The Story Behind The University Of Tennessee’s Unofficial Fight Song, ‘Rocky Top’
The song “Rocky Top” has been a staple among Tennessee residents for decades. It is especially honored by the University…
Neyland Stadium, Knoxville, TN. Photo By Kate Luffman/Tennessee Athletics, Courtesy of Facebook
The song “Rocky Top” has been a staple among Tennessee residents for decades. It is especially honored by the University of Tennessee Volunteers who claimed the tune as their unofficial fight song in the early 1970s after it was first performed by the marching band at a football game against Alabama Crimson Tide.

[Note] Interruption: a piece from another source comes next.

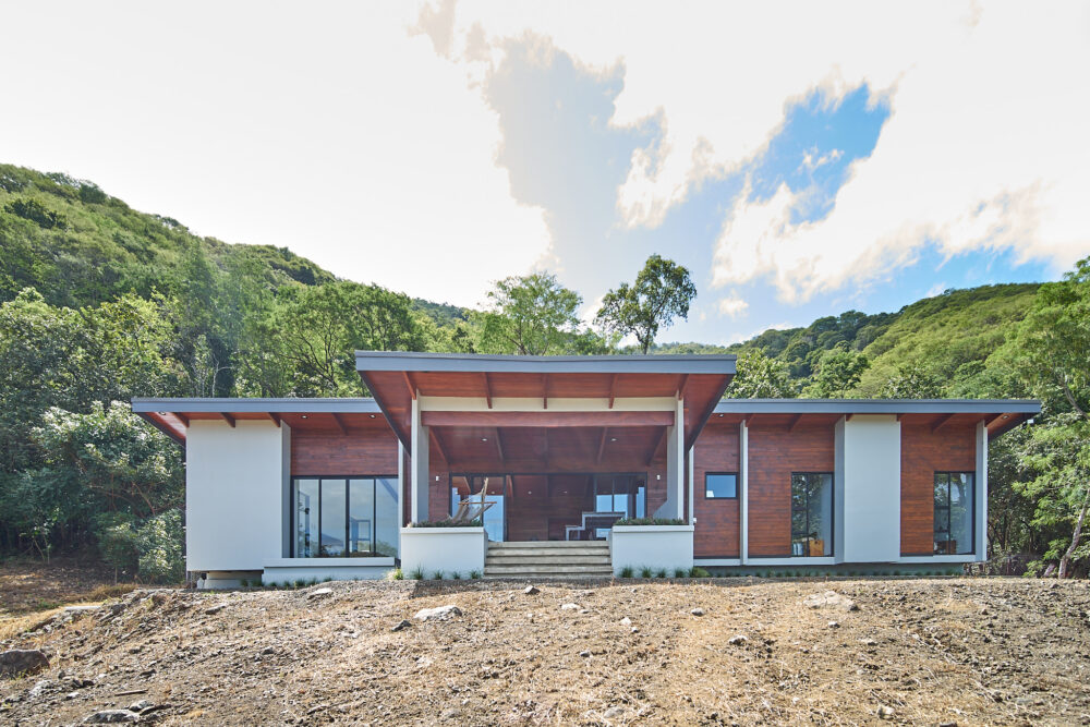 La planta lineal abre las fachadas principales hacia vistas despejadas del Valle de Nicoya y el Cerro Caballito. Las grandes aperturas están posicionadas y dimensionadas para enmarcar estas vistas mientras mantienen suficiente sombra para conservar el interior confortable durante los meses más calurosos. La madera se extiende desde la estructura hasta las particiones y el cerramiento — un material que es a la vez sistema constructivo, acabado y experiencia espacial principal de la vivienda.

Since then, the song has remained a vital part of the football season and with fall right around the corner, fans and players are gearing up to welcome this song back into Neyland Stadium in hopes that it will motivate the Vols to bring their team to victory.
Story Behind The Song
Seeing as how “Rocky Top” has become such an iconic tune, it may come as a surprise to some to learn that it actually came about accidentally. The story goes, back in 1967, the husband-and-wife songwriting duo, Felice and Boudleaux Bryant, were staying at the Gatlinburg Inn inside room 388 while penning an album for Archie Campbell, star of the show Hee Haw.
The couple’s son, Del Bryant, previously explained to several news outlets that at the time, his parents only had two songs left to complete the album when Felice Bryant started to argue that they needed to write a more upbeat track.
“They were writing an album for Archie Campbell called The Golden Years and Mom felt as though she were aging dramatically with every old age song they wrote,” Bryant told The Tennessean. “She said, ‘Boudleaux, let’s do a mountain song, a bluegrass song, anything else.’”
During an interview with the Knoxville, TN news station, WVLT, Bryant expanded on his story as he shared, “My father got a little bit upset with her. So, he grabbed his guitar and started singing, ‘Wish that I was on old Rocky Top down in the Tennessee hills,’ there what do you think?’ She said, ‘I like it. Let’s write it,’ and then about 15 minutes later, it was written.”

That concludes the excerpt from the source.